What to do. Begin with the opening line of the records and extract each line through the one holding "Chiều 11/9, tại"; pictures are not part of the copy.

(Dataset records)

----

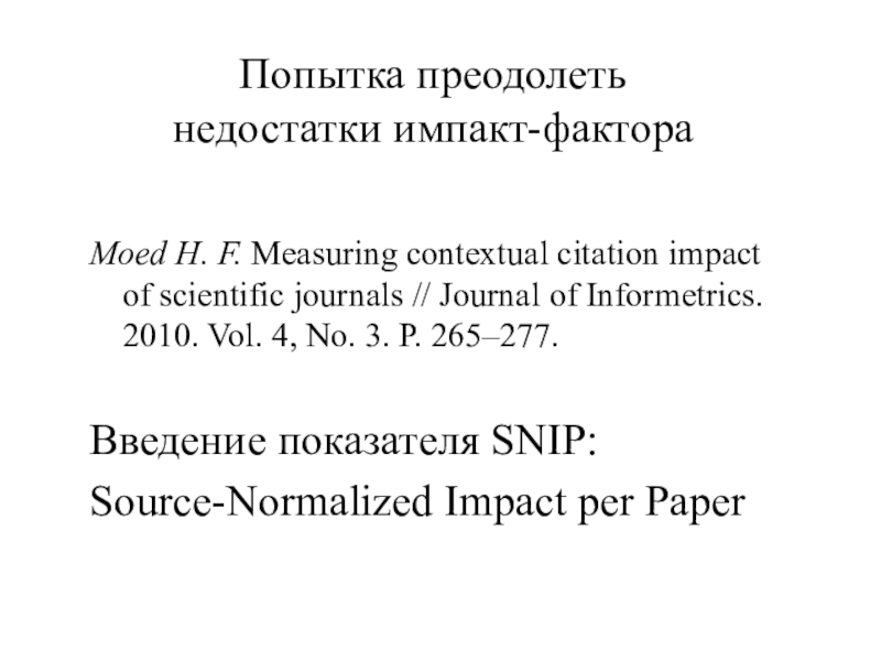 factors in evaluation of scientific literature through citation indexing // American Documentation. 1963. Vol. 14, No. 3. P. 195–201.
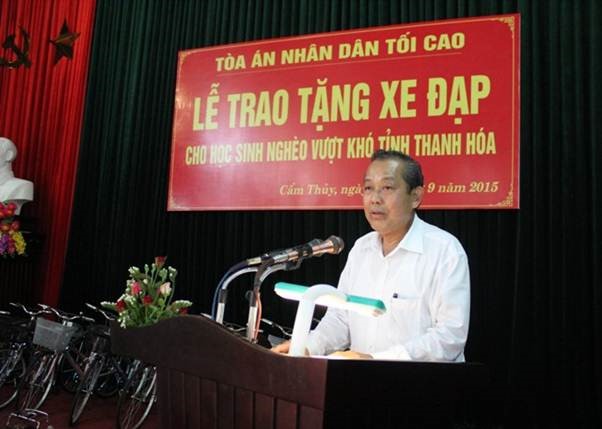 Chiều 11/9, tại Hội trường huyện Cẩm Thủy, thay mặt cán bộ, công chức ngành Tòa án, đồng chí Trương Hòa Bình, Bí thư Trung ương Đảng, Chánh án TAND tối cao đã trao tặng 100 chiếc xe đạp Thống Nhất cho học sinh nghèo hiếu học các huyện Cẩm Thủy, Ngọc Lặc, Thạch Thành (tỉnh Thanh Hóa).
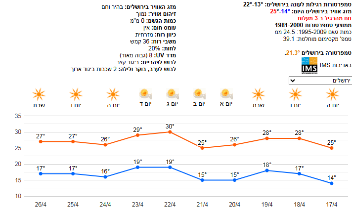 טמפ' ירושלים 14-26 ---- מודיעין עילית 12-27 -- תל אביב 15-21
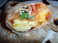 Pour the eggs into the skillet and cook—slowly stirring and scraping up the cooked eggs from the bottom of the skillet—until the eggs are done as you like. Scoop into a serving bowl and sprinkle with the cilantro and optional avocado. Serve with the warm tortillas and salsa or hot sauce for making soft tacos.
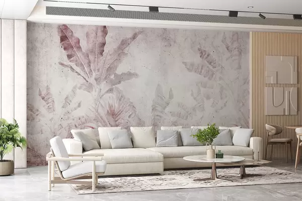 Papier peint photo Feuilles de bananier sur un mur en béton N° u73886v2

----

Answer area.
 factors in evaluation of scientific literature through citation indexing // American Documentation. 1963. Vol. 14, No. 3. P. 195–201.
 Chiều 11/9, tại Hội trường huyện Cẩm Thủy, thay mặt cán bộ, công chức ngành Tòa án, đồng chí Trương Hòa Bình, Bí thư Trung ương Đảng, Chánh án TAND tối cao đã trao tặng 100 chiếc xe đạp Thống Nhất cho học sinh nghèo hiếu học các huyện Cẩm Thủy, Ngọc Lặc, Thạch Thành (tỉnh Thanh Hóa).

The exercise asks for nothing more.